## Your instructions:
Produce a faithful copy of the data, one that leaves out the pictures.

## Information provided:
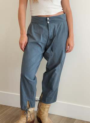Antique Indigo Dyed Bloomers in soft cotton with lace back adjustable tie. Some natural indigo streaks from dye process. Size: extra small-medium based on desired fit. All measurements taken flat: Waist: 15 Rise: 13.5 Thigh: 13 Inseam: 24 Hip: 20 Color: indigo Material: cotton Jess is an extra small. All items are preloved or vintage so might show signs of minor wear. Anything major will be noted & photographed.
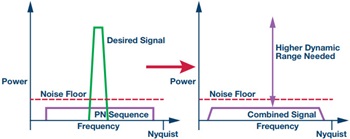 To provide resistance to jamming, systems can be architected by intelligently randomizing and spreading the radar pulses over a wide band so there will only be a very small signal on any one band, which is known as direct sequence spread spectrum (DSSS), as seen in Figure 2. Frequency hop spread spectrum (FHSS) also provides some protection against full-band jamming. In these cases, the wide transmission signal consumes bandwidth that is in excess of what is actually needed for the raw signal of interest. Therefore, a wider receiver bandwidth and higher dynamic range are needed to continue to advance system capability.
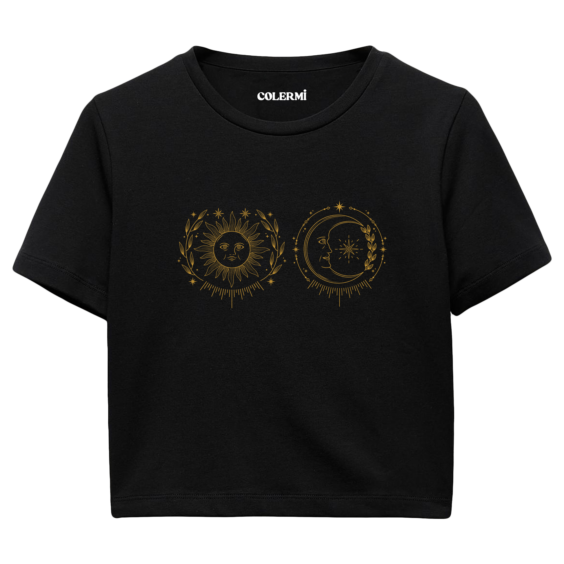 Güneş ve Ay İllüstrasyonlu Crop T-Shirt

## Response:
Antique Indigo Dyed Bloomers in soft cotton with lace back adjustable tie. Some natural indigo streaks from dye process. Size: extra small-medium based on desired fit. All measurements taken flat: Waist: 15 Rise: 13.5 Thigh: 13 Inseam: 24 Hip: 20 Color: indigo Material: cotton Jess is an extra small. All items are preloved or vintage so might show signs of minor wear. Anything major will be noted & photographed.
 To provide resistance to jamming, systems can be architected by intelligently randomizing and spreading the radar pulses over a wide band so there will only be a very small signal on any one band, which is known as direct sequence spread spectrum (DSSS), as seen in Figure 2. Frequency hop spread spectrum (FHSS) also provides some protection against full-band jamming. In these cases, the wide transmission signal consumes bandwidth that is in excess of what is actually needed for the raw signal of interest. Therefore, a wider receiver bandwidth and higher dynamic range are needed to continue to advance system capability.
 Güneş ve Ay İllüstrasyonlu Crop T-Shirt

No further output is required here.